物件の共用部にWi-Fiルーターを設置し、そこから各居室に向けて電波を飛ばす方式です。設置が比較的容易で、初期費用も抑えやすいのが特徴です。しかし、壁や距離によって電波が届きにくい部屋が出てくる可能性があるうえ、同時接続数が多いと速度低下を招く点もデメリットです。小規模なアパートであれば十分に機能するケースも多く、導入の敷居が低い方法といえます。ただし、基本的に「木造2階建まで」「40㎡程度の広さまで」の部屋しか利用できないという制限があります。

無料Wi-Fiは今や必須設備。
導入メリットとは
ここ数年、賃貸物件における「無料インターネット付き」は急速に普及し、入居者にとって当たり前に近い設備になりつつあります。かつては「エアコン付き」や「室内洗濯機置き場」が人気設備として注目されましたが、現在ではそれに匹敵する、あるいはそれ以上の強い訴求力を持つのが無料Wi-Fiです。 スマートフォンが生活の中心となり、動画配信サービスやリモートワークの拡大、オンラインゲームやSNS利用の増加により、インターネット環境は「生活インフラ」と呼べる存在にまで定着しました。
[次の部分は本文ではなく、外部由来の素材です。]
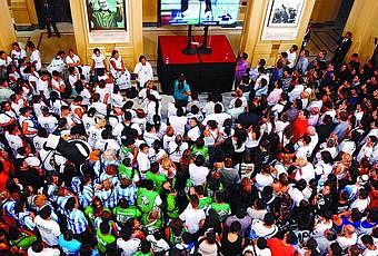 La Presidenta volvió a arremeter contra los empresarios que aumentan los precios. Contó que Carrefour y Coto encabezan el ránking de denuncias, aunque también cuestionó a La Anónima y volvió a reprender a Hiper Tehuelche, la cadena del diputado radical santacruceño Eduardo Costa. También se acordó del ex ministro de Economía, Domingo Cavallo, quien auguró que el dólar llegaría a los 40 pesos y lo sumó a la lista de “desestabilizadores” junto a los bancos y los mercados financieros. “Nunca fueron los gobiernos los que volaron por los aires, siempre fueron los pueblos los que volaron por los aires y cuatro o cinco vivillos se quedaron con lo que era de todos”, replicó la Presidenta, que invocó a Juan Domingo Perón y Raúl Alfonsín por las luchas que dieron contra la especulación financiera y volvió a convocar al pueblo a “no tener miedo” y “empoderarse” en “esta tarea que tenemos que hacer contra los especuladores, contra los malos empresarios, contra los malos comerciantes”. Amado Boudou, citado a declaración indagatoria por la Justicia, mantuvo un perfil bajísimo, mezclado entre funcionarios: nunca fue enfocado en la transmisión oficial.
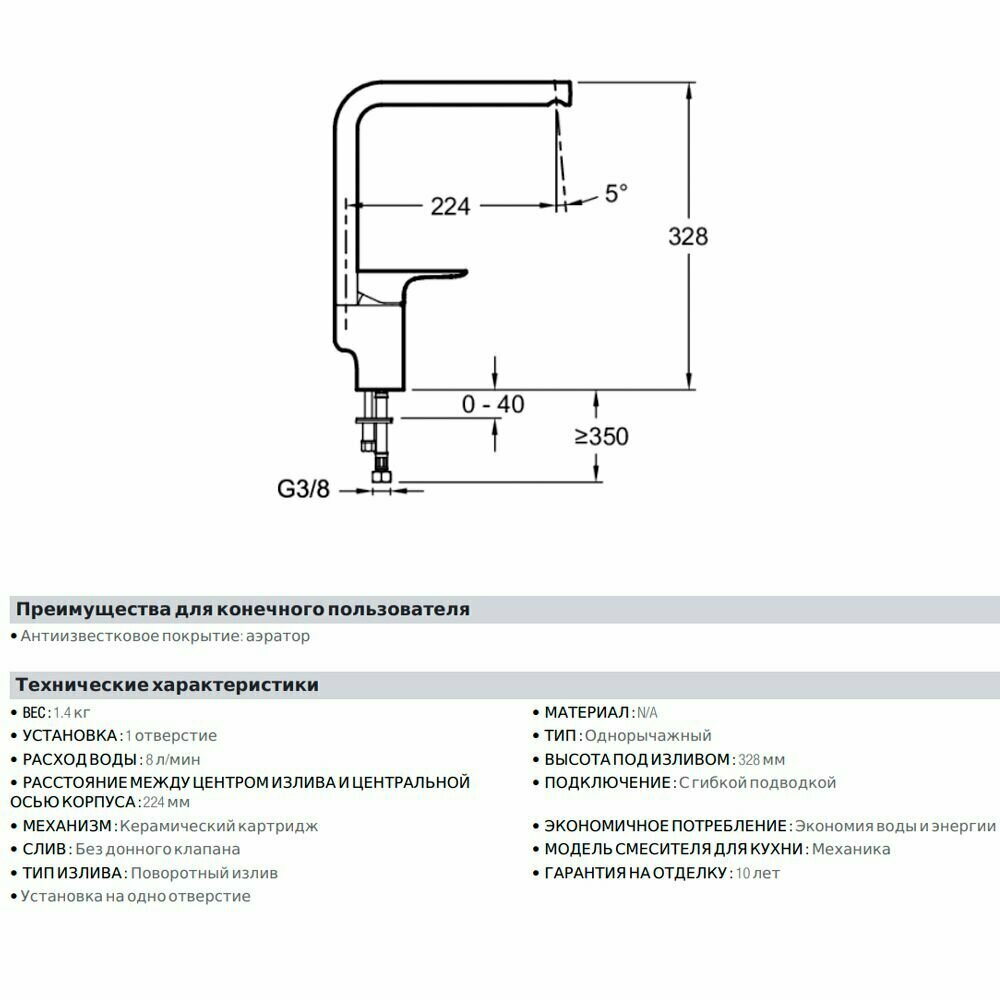 | Высота излива | 328 мм |
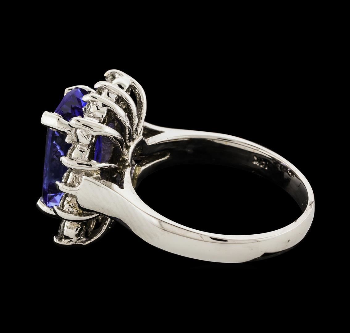 One electronically tested 14KT white gold lady's cast fashion ring with a cathedral shank with a basket halo with a bright polish finish. The featured lady's ring has a shank measuring 2.71 millimeters wide. Identified with markings of '14K'. Condition is new, good workmanship. Containing: One prong set rectangular cushion modified brilliant cut natural tanzanite, measuring 11.84 x 8.01 x 4.95mm, (depth est.) approximate weight of 3.84ct., clarity is eye clean, medium, moderately strong, violetish blue color, (GIA vB 5/4), cut is very good. Transmitting light with no distortion, transparent. Colored gemstones are presumed to have been subjected to commonly used enhancement processes. Graded in the setting. Fourteen prong set round brilliant cut diamonds, measuring 2.60 - 2.50 x 1.58mm (depth est.) approximate total weight of 14 Stones = 0.88ct. Graded in the setting. Clarity SI-1 to SI-2. Color: G - H Cut Good. Total Weight of Colored Stones 3.84ct.. Total Weight of Diamonds 0.88ct.. Total Weight of Ring 6.40gm. GAS Appraised.
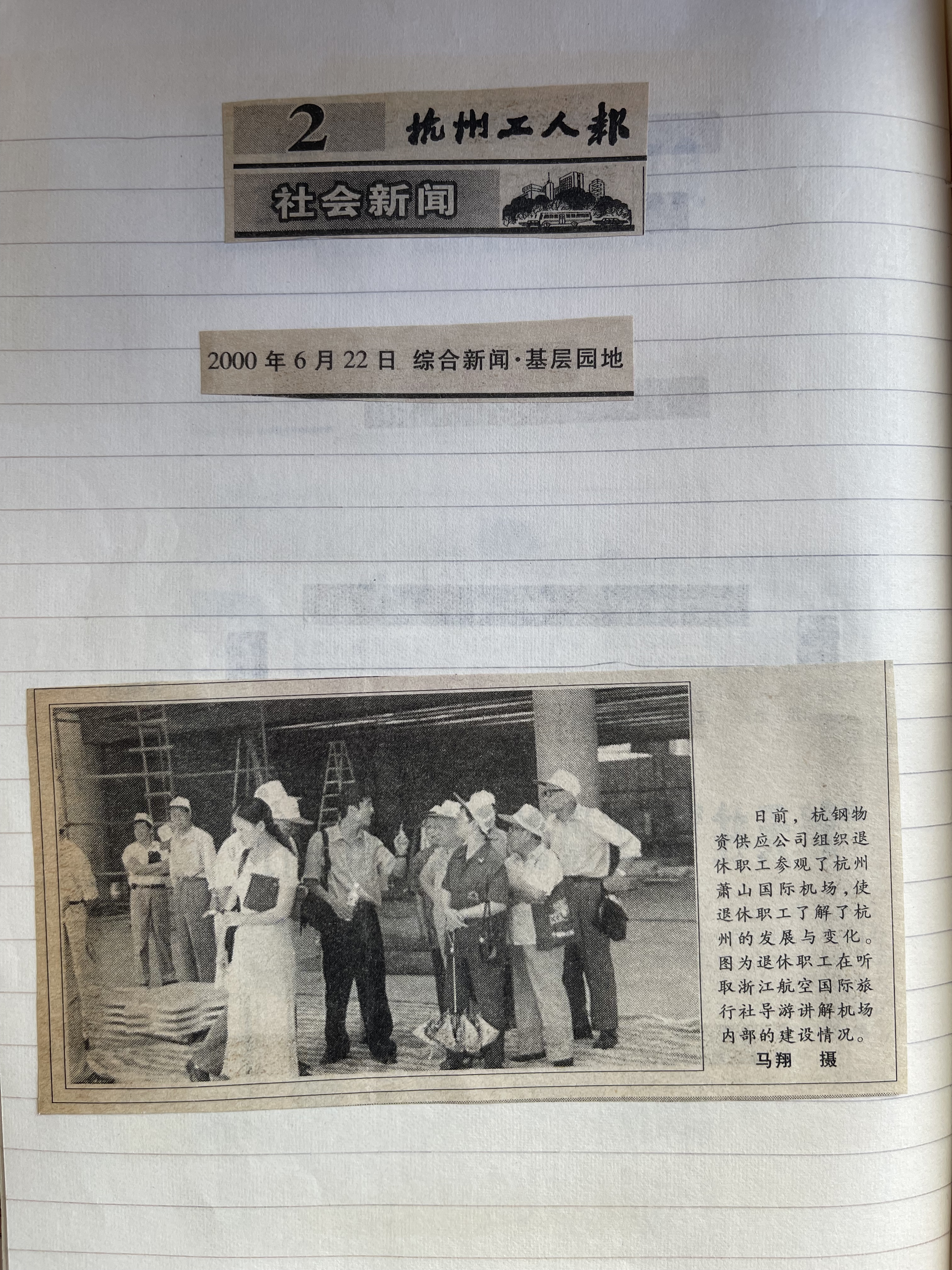 这组照片是我2000年6月2日前拍摄的,到今年已经是25年了,也是杭州萧山机场25年生日的缩影,我是杭州一位广播电视媒体技术工程师,工作之余志愿服务28年,夜喜欢摄影,也是媒体通讯员,当时得知杭州萧山机场即将开通运营,开通前浙江航空国际旅行社推出参观萧山机场一日游活动,于是我去了,也用相机记录了珍贵的瞬间记忆照片。其中一张还刊登在了2000年6月2日出版的《杭州工人报》2版“社会新闻”版面,那天刚好杭钢物资公司组织退休职工参观即将建设完成落成启用的杭州萧山国际机场。

そのため、入居者が物件を探す際に「無料Wi-Fi付き」という条件は非常に大きな差別化要素となります。
導入のメリットは大きく分けて二つあります。ひとつは 入居促進効果 です。同じ家賃帯で「Wi-Fi無料」と「Wi-Fiなし」の物件が並んでいたら、多くの入居希望者は迷わず前者を選びます。賃料を大きく上げずとも魅力を高めることができ、空室対策として非常に有効です。もうひとつは 長期入居促進効果 です。インターネット環境に不満がない入居者は住み続ける傾向が高く、退去抑止につながります。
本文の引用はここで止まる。